-- Source material follows --
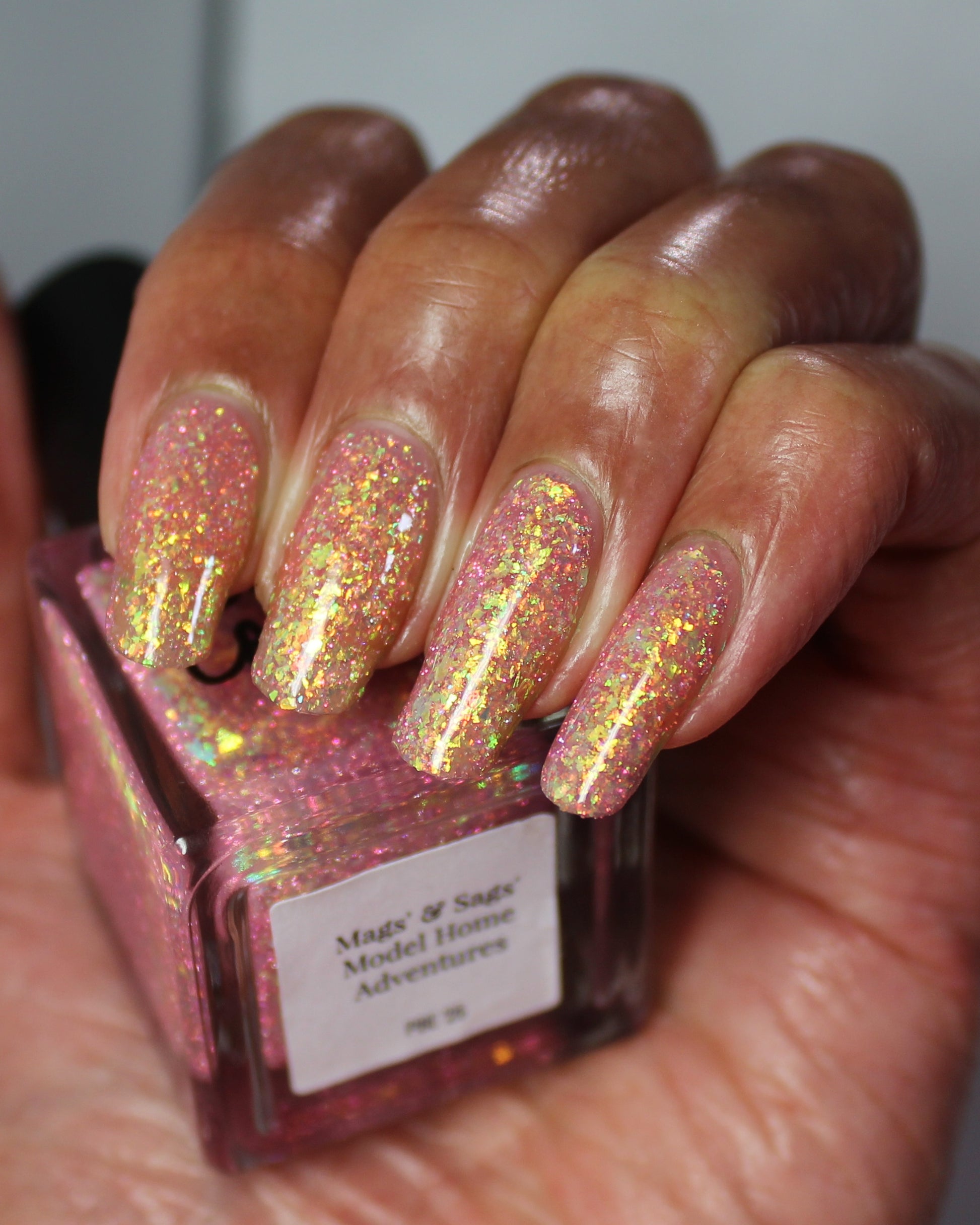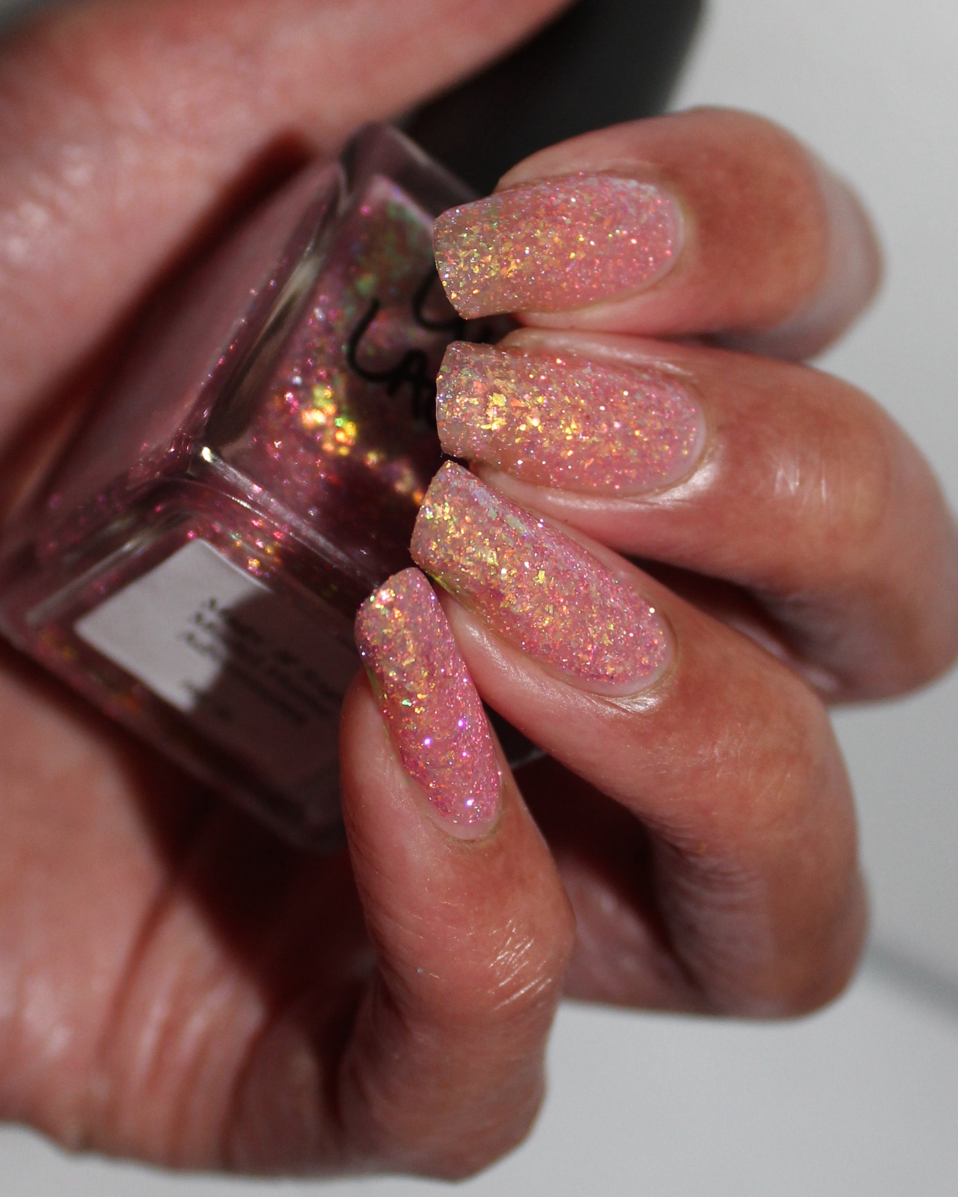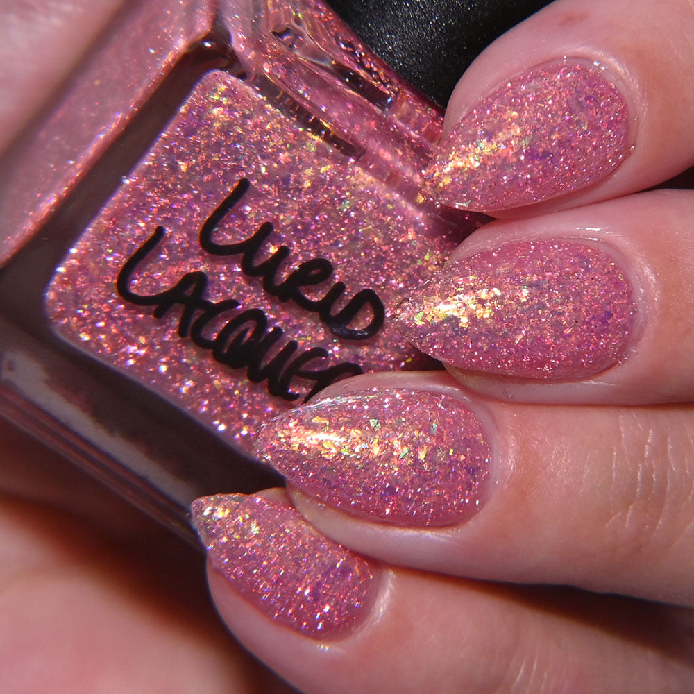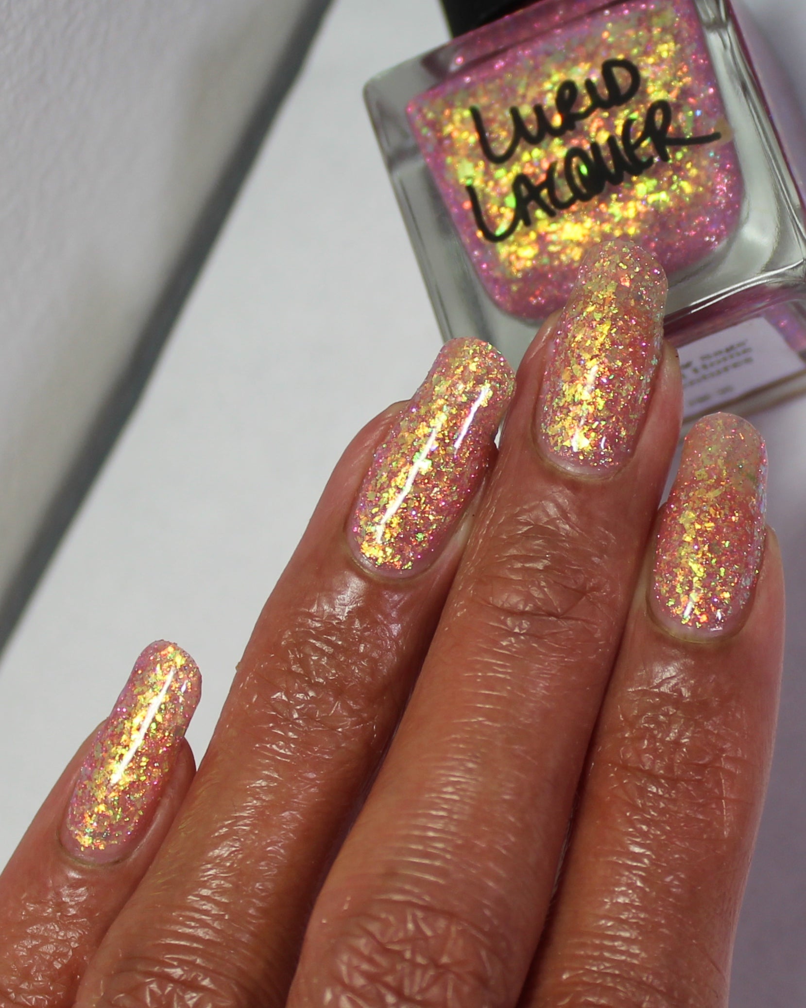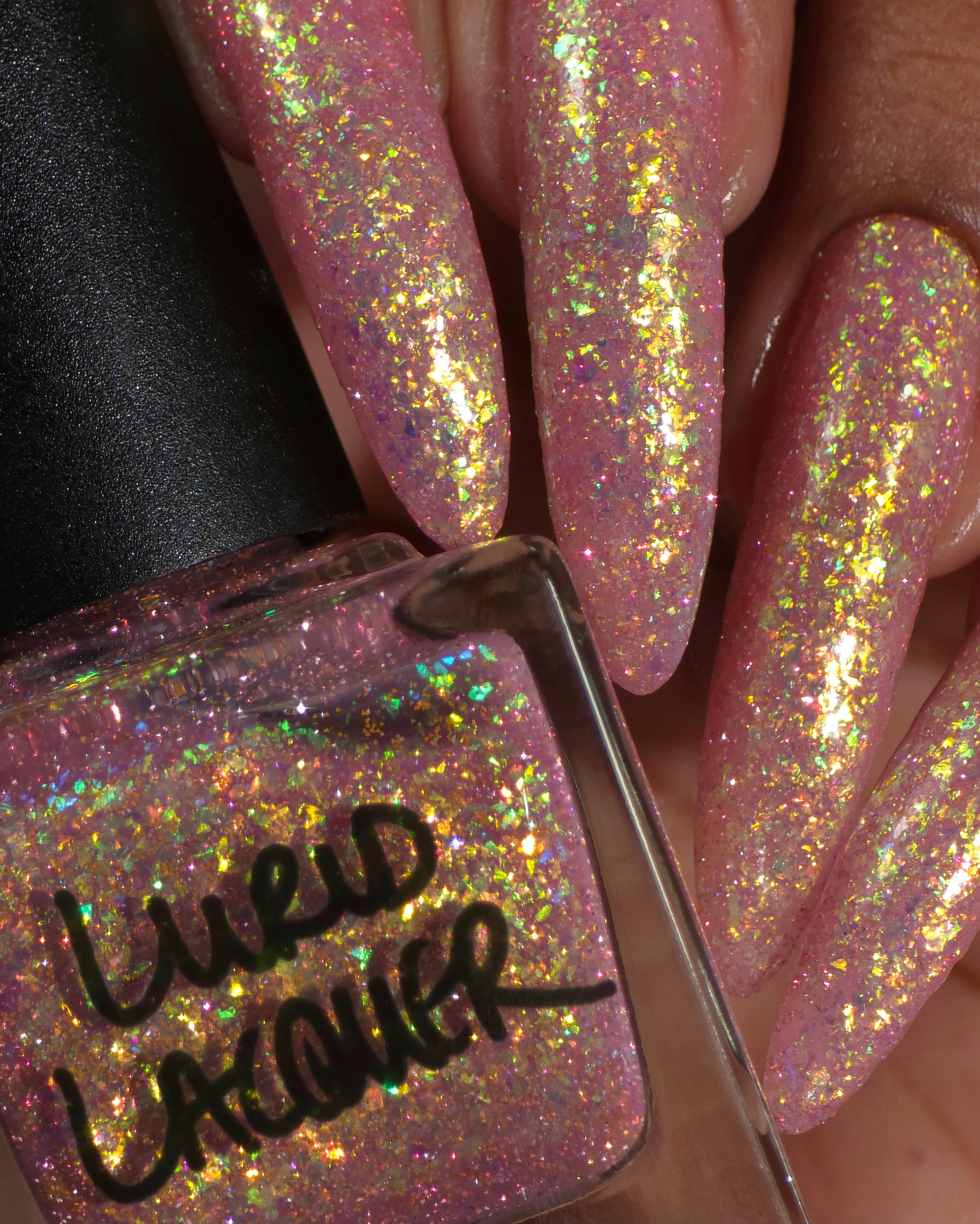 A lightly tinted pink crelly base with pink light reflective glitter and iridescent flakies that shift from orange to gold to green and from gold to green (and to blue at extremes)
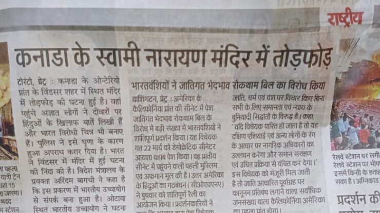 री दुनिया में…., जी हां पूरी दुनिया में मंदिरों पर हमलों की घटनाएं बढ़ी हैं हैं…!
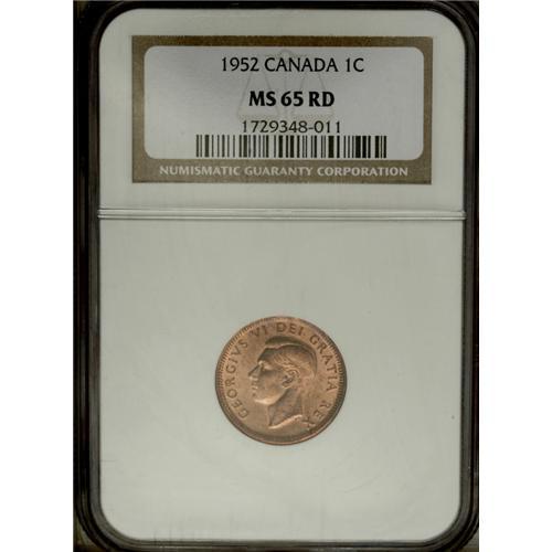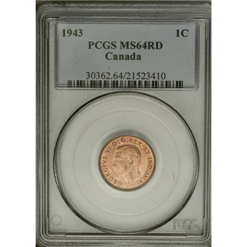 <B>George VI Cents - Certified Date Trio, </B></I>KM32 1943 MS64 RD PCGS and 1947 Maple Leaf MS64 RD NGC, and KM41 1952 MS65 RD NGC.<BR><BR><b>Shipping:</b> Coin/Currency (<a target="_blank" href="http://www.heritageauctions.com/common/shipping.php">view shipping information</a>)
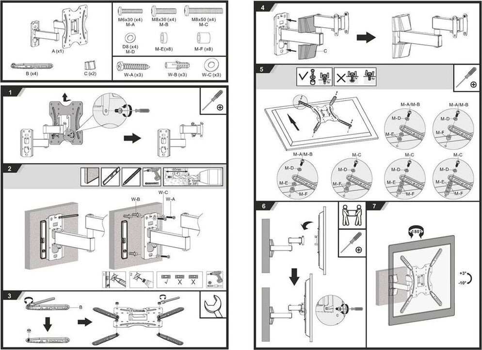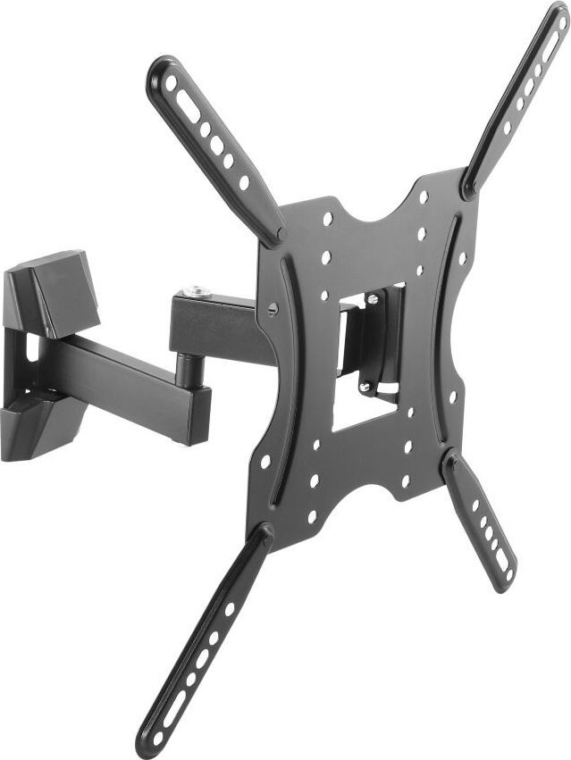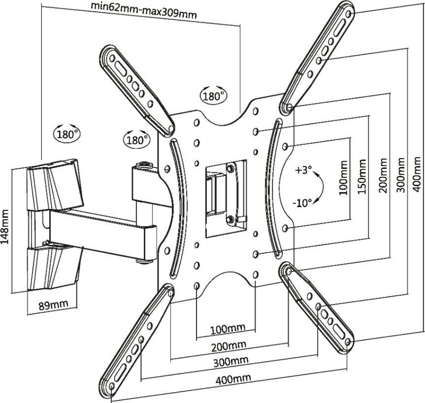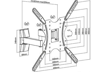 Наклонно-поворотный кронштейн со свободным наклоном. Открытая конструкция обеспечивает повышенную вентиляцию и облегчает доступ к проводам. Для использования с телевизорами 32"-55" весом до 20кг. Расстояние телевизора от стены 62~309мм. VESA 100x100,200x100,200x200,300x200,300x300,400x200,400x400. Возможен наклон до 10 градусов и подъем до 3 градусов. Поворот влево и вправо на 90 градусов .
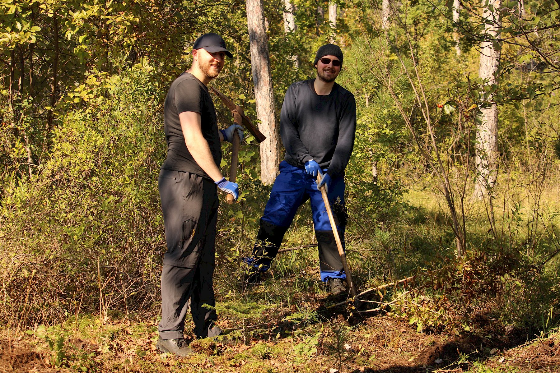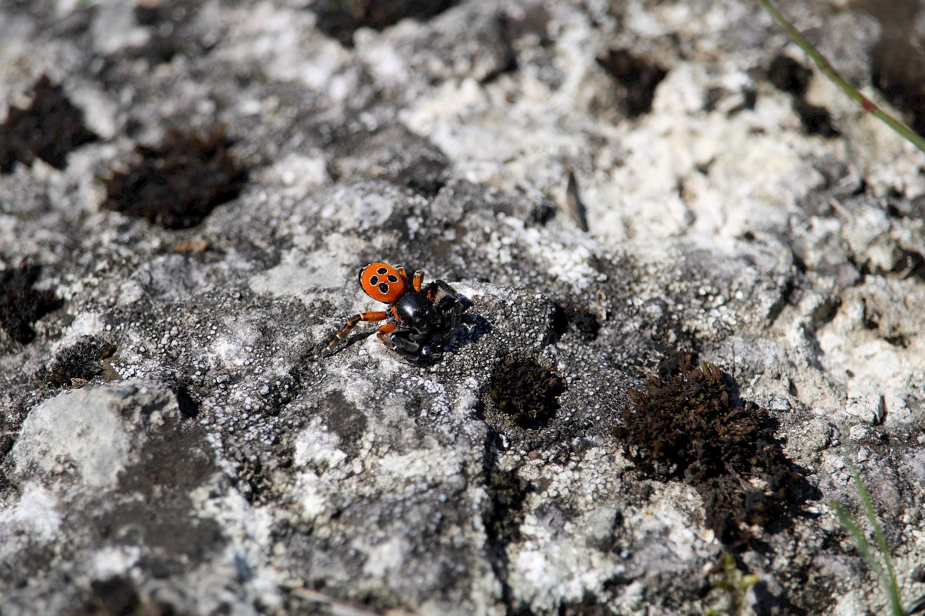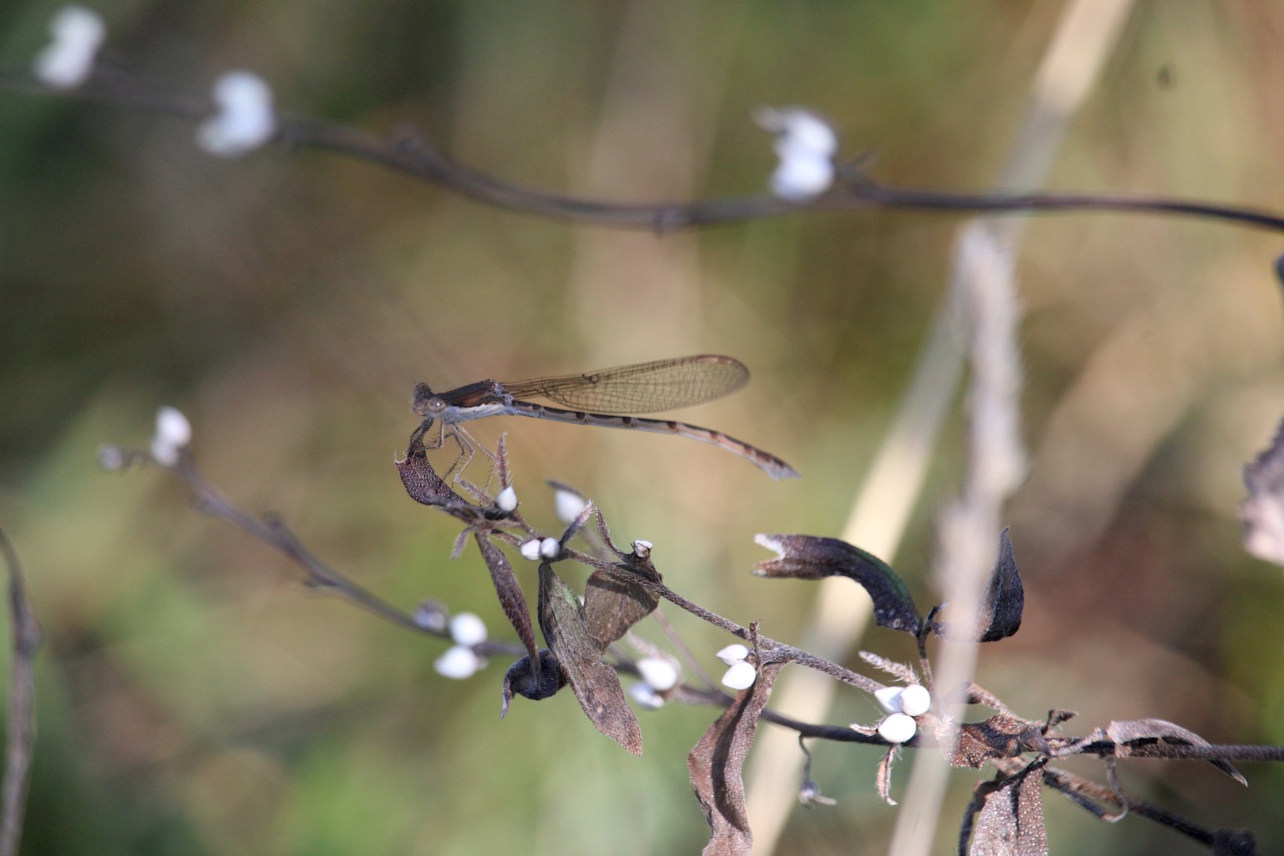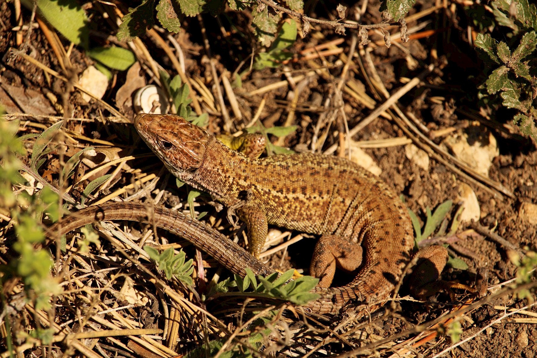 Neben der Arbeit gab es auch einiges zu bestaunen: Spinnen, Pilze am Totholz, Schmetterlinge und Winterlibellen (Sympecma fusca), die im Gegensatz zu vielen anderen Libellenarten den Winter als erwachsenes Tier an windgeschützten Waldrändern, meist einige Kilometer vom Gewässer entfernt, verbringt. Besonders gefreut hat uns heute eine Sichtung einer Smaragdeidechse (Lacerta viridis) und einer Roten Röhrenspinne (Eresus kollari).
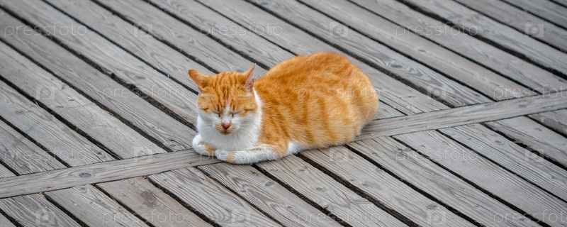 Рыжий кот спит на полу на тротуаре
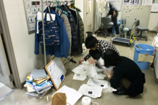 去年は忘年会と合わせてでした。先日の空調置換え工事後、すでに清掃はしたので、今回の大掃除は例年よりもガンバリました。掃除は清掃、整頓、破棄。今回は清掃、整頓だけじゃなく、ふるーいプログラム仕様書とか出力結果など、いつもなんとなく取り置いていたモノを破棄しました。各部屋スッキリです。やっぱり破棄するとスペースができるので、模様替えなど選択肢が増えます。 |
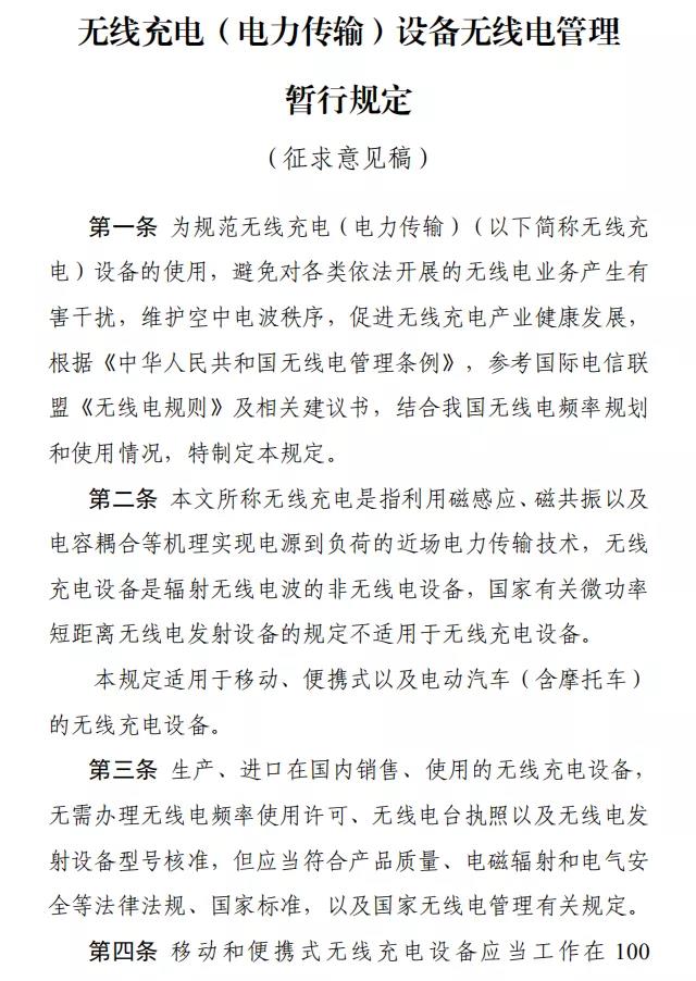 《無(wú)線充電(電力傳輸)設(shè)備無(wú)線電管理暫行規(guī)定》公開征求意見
-- Source material concluded --
_What you need to do_
Repeat each line of the records above exactly, but do not copy the pictures.

_Finished task_
 A lightly tinted pink crelly base with pink light reflective glitter and iridescent flakies that shift from orange to gold to green and from gold to green (and to blue at extremes)
 री दुनिया में…., जी हां पूरी दुनिया में मंदिरों पर हमलों की घटनाएं बढ़ी हैं हैं…!
 <B>George VI Cents - Certified Date Trio, </B></I>KM32 1943 MS64 RD PCGS and 1947 Maple Leaf MS64 RD NGC, and KM41 1952 MS65 RD NGC.<BR><BR><b>Shipping:</b> Coin/Currency (<a target="_blank" href="http://www.heritageauctions.com/common/shipping.php">view shipping information</a>)
 Наклонно-поворотный кронштейн со свободным наклоном. Открытая конструкция обеспечивает повышенную вентиляцию и облегчает доступ к проводам. Для использования с телевизорами 32"-55" весом до 20кг. Расстояние телевизора от стены 62~309мм. VESA 100x100,200x100,200x200,300x200,300x300,400x200,400x400. Возможен наклон до 10 градусов и подъем до 3 градусов. Поворот влево и вправо на 90 градусов .
 Neben der Arbeit gab es auch einiges zu bestaunen: Spinnen, Pilze am Totholz, Schmetterlinge und Winterlibellen (Sympecma fusca), die im Gegensatz zu vielen anderen Libellenarten den Winter als erwachsenes Tier an windgeschützten Waldrändern, meist einige Kilometer vom Gewässer entfernt, verbringt. Besonders gefreut hat uns heute eine Sichtung einer Smaragdeidechse (Lacerta viridis) und einer Roten Röhrenspinne (Eresus kollari).
 Рыжий кот спит на полу на тротуаре
 去年は忘年会と合わせてでした。先日の空調置換え工事後、すでに清掃はしたので、今回の大掃除は例年よりもガンバリました。掃除は清掃、整頓、破棄。今回は清掃、整頓だけじゃなく、ふるーいプログラム仕様書とか出力結果など、いつもなんとなく取り置いていたモノを破棄しました。各部屋スッキリです。やっぱり破棄するとスペースができるので、模様替えなど選択肢が増えます。 |
 《無(wú)線充電(電力傳輸)設(shè)備無(wú)線電管理暫行規(guī)定》公開征求意見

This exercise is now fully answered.